The Austrian investment market was never likely to better the year 2019, which saw an all-time record of €6.3bn transacted. And with the impact of COVID in 2020, the amount actually achieved - €3.3bn – is being viewed in the Austrian market as respectable enough.
Property adviser CBRE in Vienna is actually of the view that Brexit was only partly to blame for the practical halving of the market’s volume. In their view, a lack of suitable product also played a major role. While this shortage is unlikely to disappear in the next couple of years, they nonetheless are predicting a notable upturn this year.
According to CBRE’s head of investment properties, Georg Fichtinger, demand remains high, but new office completions will be limited. The new realities of COVID are affecting demand, along with the inevitable higher standards of assets meeting stringent sustainability and ESG criteria, he says.
Residential properties were the most in demand in 2020, surpassing office. Last year saw a peak in residential completions in Vienna, albeit with the numbers set to fall in 2021, to about 17,000 new units. A report from Bank Austria put Austria’s housing construction industry as one of Europe’s highest growth sectors last year.
At the luxury end of the market, demand remains strong, particularly in the Alps and the lakes regions, as people assess their home-office opportunities in a new light. Kitzbühel, with its proximity to Munich, is much in demand, along with the lake areas of Carynthia and Salzburg, with their obvious advantages for second homes.

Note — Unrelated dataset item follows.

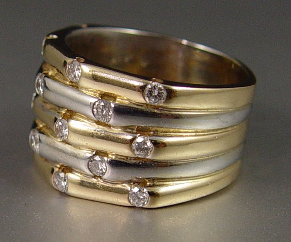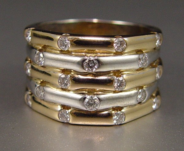 A WIDE TWO TONE 14K DIAMOND BAND: Alternating rows of 14K white and yellow gold, containing eighteen round brilliant cut diamonds. Weight: .60 Ct. Approx. The diamonds average VS in clarity and G-H in color. The diamonds are channel set. Weight: 14.3 grams. Size: 8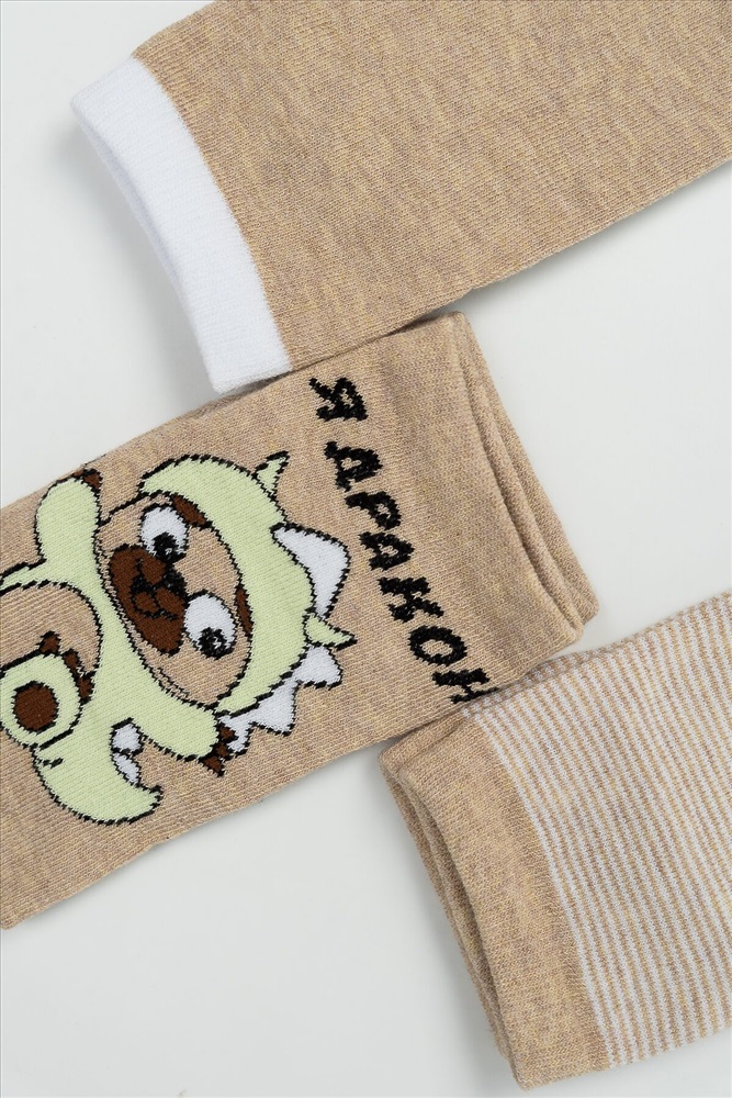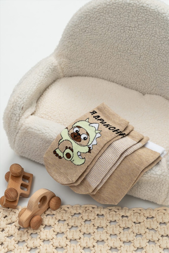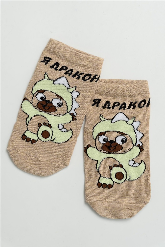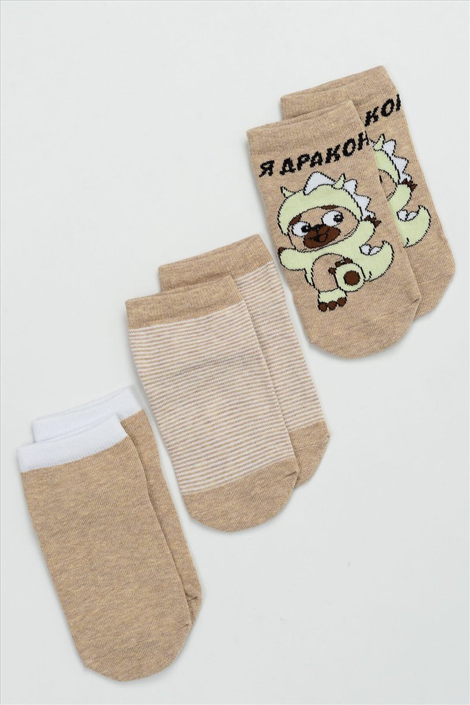 ID товара: 911008 Состав: 76% Хлопок, 22% Полиамид, 2% Эластан Сезон: Весна/Лето Рисунок: Фантазийный Основная ткань: Хлопок Вид носков/гольф: Фантазийные Вид ткани: Чулочно-носочный трикотаж Страна бренда: Россия Страна производства: Россия Детские носочки, в комплекте 3 пары одной расцветки. Одна пара однотонная, вторая в полоску, третья - с изображением дракона. Комментарии к товару

Although yields for both office and residential continue to fall, rents so far are remaining stable, said CBRE’s CEO Andreas Ridder.
Austria’s Housing Price Index increased to an all-time high of 139.23 points. This put Austria among the best-performing property markets in the EU, along with Germany, Luxembourg, Sweden, Portugal and Malta, which all registered above average price growth. By contrast, countries like Finland, Spain and France all saw below-average increases.
Also in heavy demand in Austria was logistics, with many investors coming away empty-handed because of lack of suitable assets. Still, there was more speculative logistics space built than for owner-occupiers than in the previous year.
Not surprisingly, the situation is gloomy in the retail and hospitality sectors, particularly for a country in which tourism plays such a significant role. Up to a quarter of small and medium-sized business are expected to file for insolvency this year as a result of the repeated lockdowns. Prime rents in retail are already falling, by an estimated 7-8%. In the hotel sector, more assets in the pipeline are being prepped for conversion to other uses, with the figure for 2023 already at a whopping 50%.